The people who read about a “sequel” and angrily raised their voices to express their distaste for a play no one has yet seen—not even its creators—might be shocked to learn that the members of Universes don’t hate West Side Story. Mildred owns a vinyl recording of the 1984 version with the voices of José Carreras and Kiri Te Kanawa—a historic document, because it was the first time composer Leonard Bernstein conducted the piece. And Steven grew up watching the film on television, and told me, “I remember thinking the combination of the music and seeing communities in the streets was incredible.” He even bought a novelization of the musical, which he described as a “precious” belonging.
But rather than paying homage to, adapting, or messing with West Side Story, what Universes is doing is using it as a reference point. Love it or hate it, the musical is a referent for how Americans view Puerto Ricans (who are in fact Americans too) and for how the country responds to immigrants more broadly. In all their work, Universes has made a point not to worship idols, but instead to show different dimensions of what people can be. In their piece Party People, for instance, which is centered on the Black Panther Party and the Young Lords, Universes knew they couldn’t take sides or include every story they wanted to tell. So instead they created composite characters who shared facts and experiences from real-life subjects, with stories Universes have accumulated throughout their lives. This approach to storytelling often leads to the unlikely meeting of the specific and universal. Panthers would see Party People and say, “Oh, this is me!” Sapp said, only to then realize, “Wait, that’s so-and-so’s story!”

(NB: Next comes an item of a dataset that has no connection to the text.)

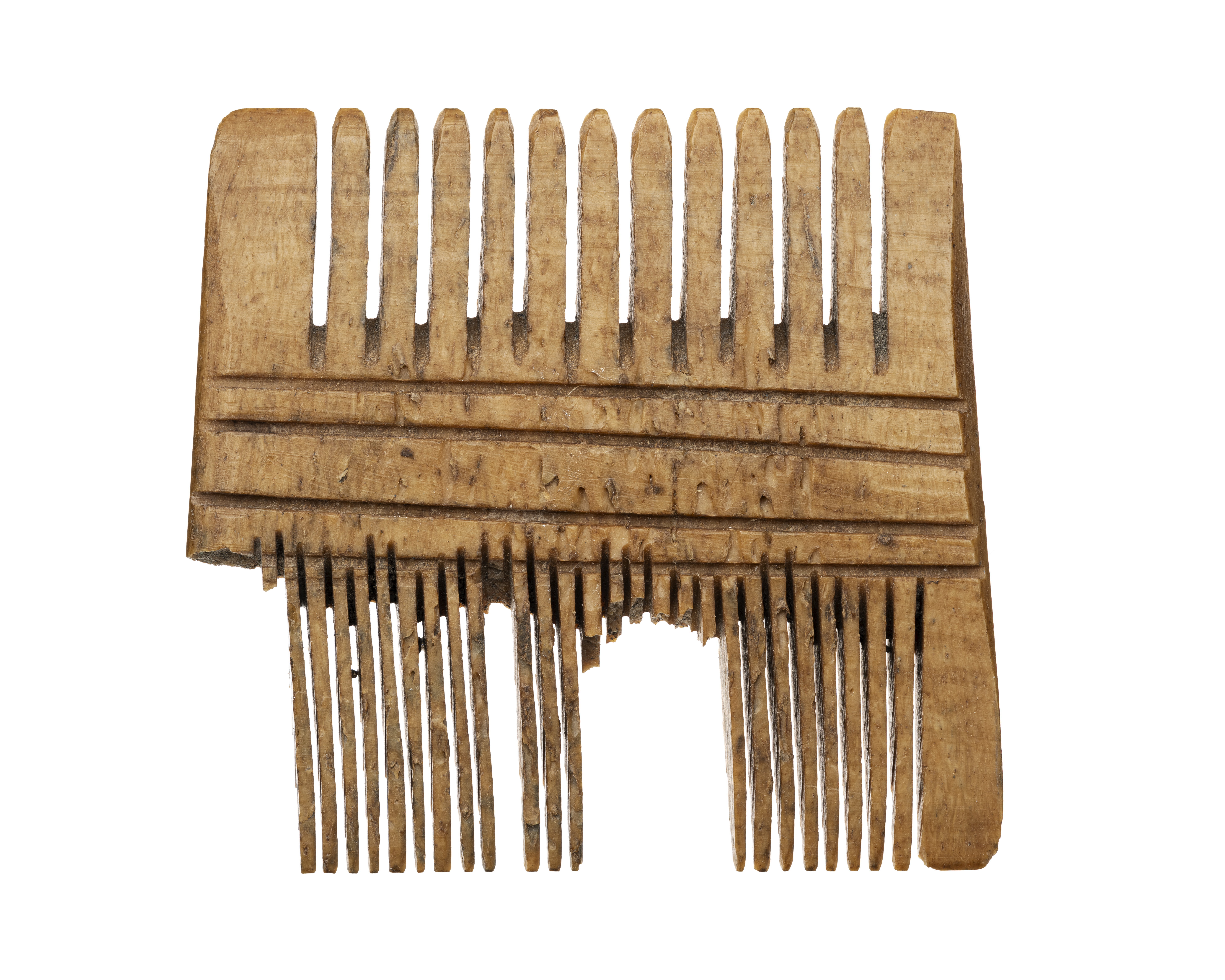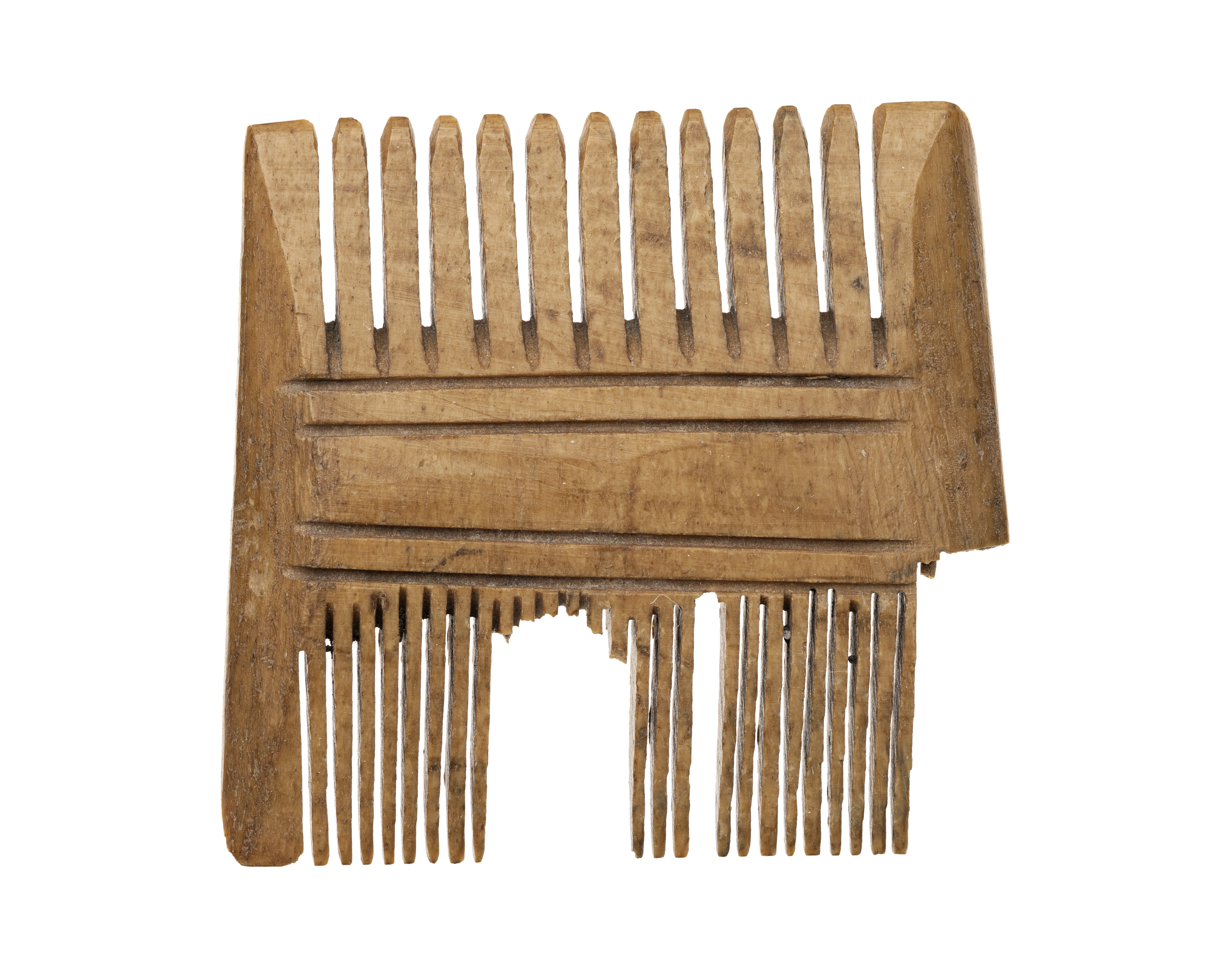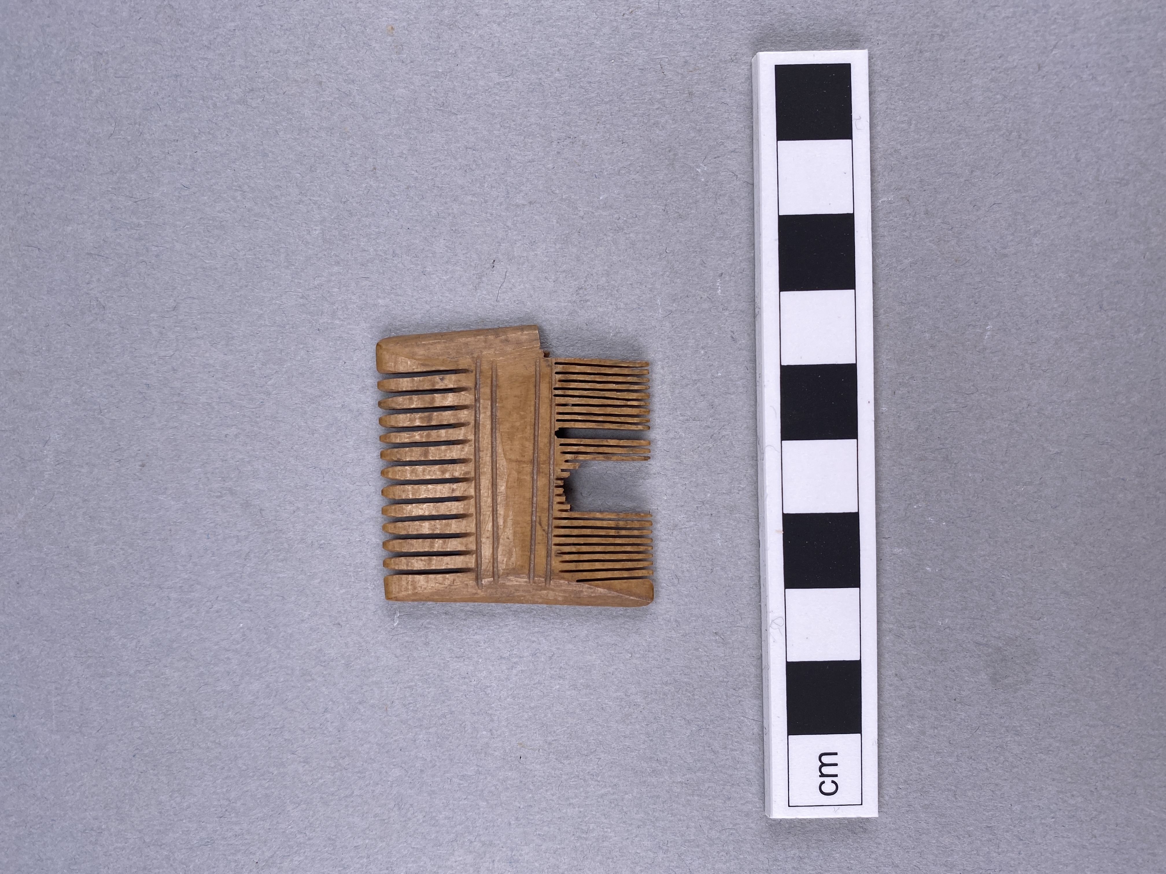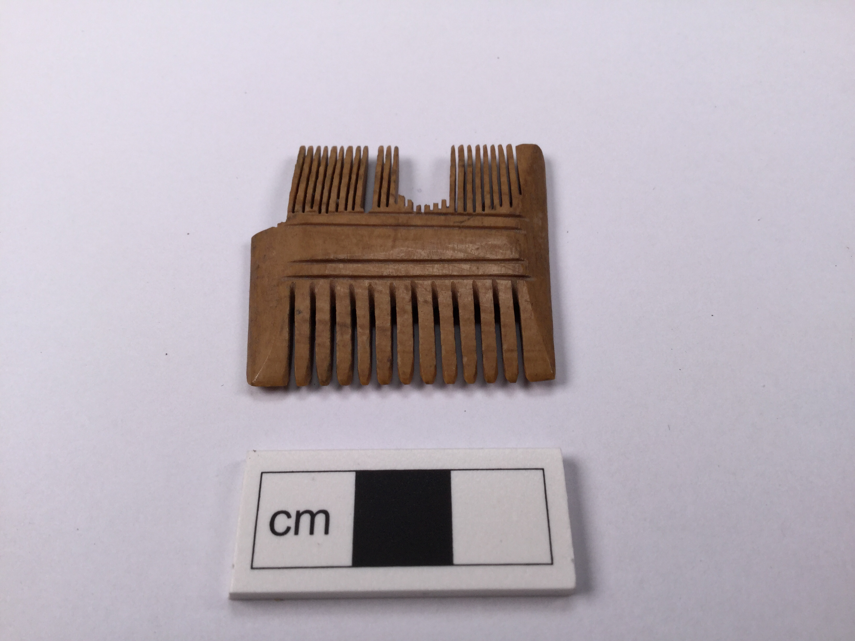 Liten dubbelkam. Några tänder på den täta sidan avbrutna. Ornerad med raka, skurna streck på mittendelen.

“From the beginning we’ve surrounded ourselves with community,” explained Mildred, “through community building and feeding.” They create collectively, with every member of the company invited to bring their stories. “We become guests in their houses,” she said. The two recalled how, while they were creating their first piece as Universes, The Ride, they spotted a woman standing in the rain as they drove across Major Deegan Expressway. They turned to each other in sync, as if to say, “Did you see that?” and then they invited their collaborators to imagine stories about the stranger.
It’s no surprise that many of their collaborators call them Mom and Dad—“not always for good reasons,” said Sapp with a laugh. The two have always made it their mission to create welcoming environments, whether it’s through The POINT Community Development Corporation (which they built from scratch in order to establish a place for artists like themselves to grow and experiment) or through their theatre work, which are infused with an inexplicably inviting energy. When I saw Party People, after the 2016 election, it turned my mood from mournful to exhilarated.
One might think of the work of Universes as a mantelpiece where Steven, Mildred, and other core members (William “Ninja” Ruiz, Gamal Abden Chasten) display their collective memories, like photographs that tell not only their story, but that of the people who came before them, their ancestors, and those yet to come. When Maria eventually comes out, it will be yet another reminder of how a love story that started three decades ago has led to the creation of a family.
Jose Solís (he/him) is a frequent contributor to this magazine.